Над ними сгрудился народ. Силы вокруг бродило немало, не всю ее и хмель спеленал. Не у одного вот так же, как у сидевших на земле, сжимались, наливаясь кровью, кулаки и пружинили ноги.
– Ужель, Савельич, солдату поддашься? – просипела чья-то ошалевшая, кудлатая голова, просовываясь в круг.
– Зачем, черт, поперек говоришь?
И опять тишина. Затылки у противников потемнели, точно под банками натянулись. Ни с места.
– Врешь… – хрипло крякнул пожарный, наддавая из последних сил. – Врешь…
Вот-вот лопнут. Но палка не выдержала, хрястнула, борцы повалились вправо и влево, толпа зареготала, задвигалась.
Минченко, отдуваясь, встал, поднял с земли бутылку сладкой смородинной. «Ну что ж, Савельич, ничья, пополам разопьем…»
Пожарный, улыбаясь, подтягивал шаровары.
Надвинувшиеся чуйки и пожарные хлопали Минченко по спине, ощупывали мускулы и гоготали: «Здоровый, бугай!»
Васенька вздохнул: ведь вот – как он с ними умеет – совсем свой. Болтает, пьет – забавляется.
– А, Василиса? – обернулся к нему Минченко. – Жарко?
– Ноги все оттопал. Броненосцы эти казенные, орудие пытки какое-то. Дьявол бы их взял!
– А ты Сережины надень. Что ж ты, чудак, молчал? У него вторая пара есть, как раз подойдут… Се-ре-жа!
Васенька пошел с денщиком и через пять минут вернулся бодрый и сияющий: от угрызений совести и следа не осталось. Потому что неразношенные армейские сапоги пуще всякой совести человека замучить могут.
Гармонисты сидели у края стола. Навалились на еду по-настоящему, по-деловому. Им свадьба – трудовой день, нынче густо, завтра пусто, – наедались впрок. И пили немало, но с выбором: выморозки – сладкое местное вяленое вино, водку на красных стручках, похожую на сургучную наливку-мадеру. К пиву не прикасались. Немецкий квас дешевка, хвосты им у лошадей подмывать… Но не хмелели ничуть, – ели уж очень густо. Только крякали да обтирали о скатерть мокрые рты. Гармонии, похожие на кубастые шкатулки, стояли сбоку на лавке, блестели медными резными углами, перламутровыми пуговками ладов, шляпками колокольчиков.
Васенька присел рядом. Выждал, пока горбун дожевал кусок жирной полендвицы, и спросил:
– А что, трудно на гармонии играть?
Гармонист вытер сальные руки о хлеб и небрежно ответил:
– Талант нужен. У кого телячьи ухи, не научится…
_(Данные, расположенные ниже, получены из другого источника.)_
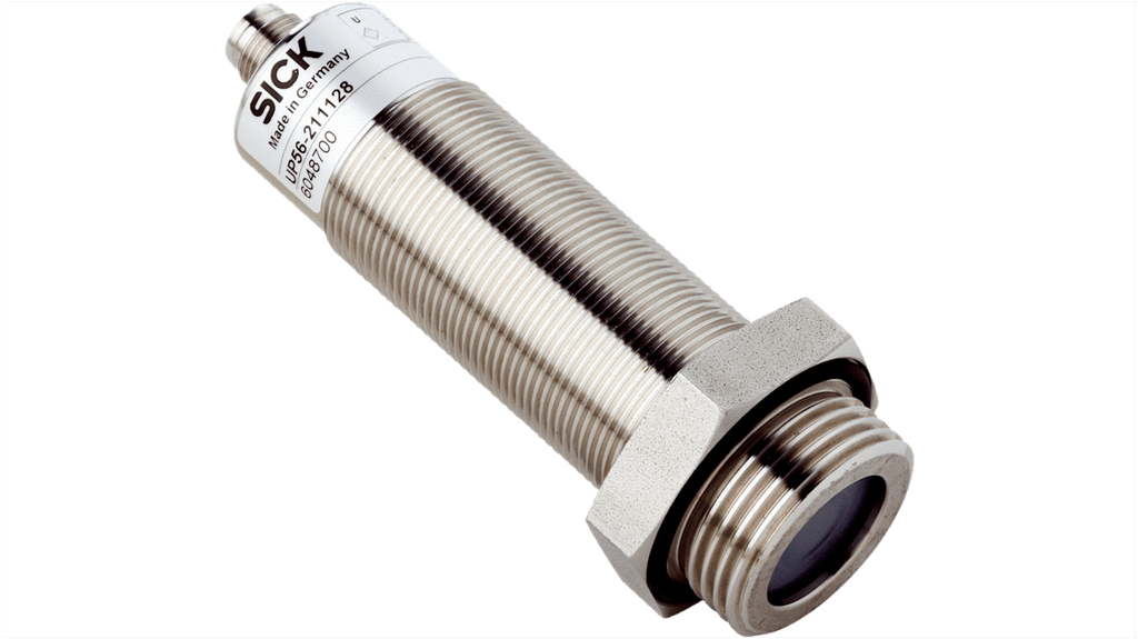 Sensore di livello a ultrasuoni, montaggio filettatura G1, verticale, serie UP56. Misurazione senza contatto fino a 3,4 m, distanza di scansione limite 8,0 m, resistente a pressioni fino a 6 bar. Uscita analogica commutabile 4 mA a 20 mA e 0 V a 10 V, grado di protezione IP67. Temperatura operativa da -25°C a +70°C, corrente massima 200 mA, corpo in acciaio inox, guarnizione in FKM. Certificazione CE.

Но, покосившись на почтительно слушавшего молодого солдата, смягчился:
– Такты надо во как держать. Не забегать, не заметывать. А то, брат, клейстер… Опять же механизм в суставах. Чтобы каждый палец сам собой, как ветер дышит, на свой клавиш ложился. Как у вас, скажем, по церемониальному маршу, – один дурак не с той ноги хватит, вся шеренга к чертовой матери… А ты что же, антиресуешься?
– Инструмент приятный, – вежливо польстил Васенька. – Я вот тоже на балалайке немного играю.
– Сравнил тоже козу с лебедью. Что ж ты на ней, на трех струнах сделать можешь? Трень-брень, хрюшки-вьюшки… Шмель пролетающий загудит, ее и не слышно. А гармонь – гром, блеск, одурение…
Он слегка тронул свою кубышку, полукругом растягивая мехи.
– Вальц! – заверещала, подбегая, косолапая рябая красавица в накрахмаленной юбке. – Что ж вы, Терентий Сидорович, целый час все закусываете…
Горбун перемигнулся с подручным, согласно тронулись локти, и звонкий подрагивающий мотив печально заструился над мощеным пыльным двором.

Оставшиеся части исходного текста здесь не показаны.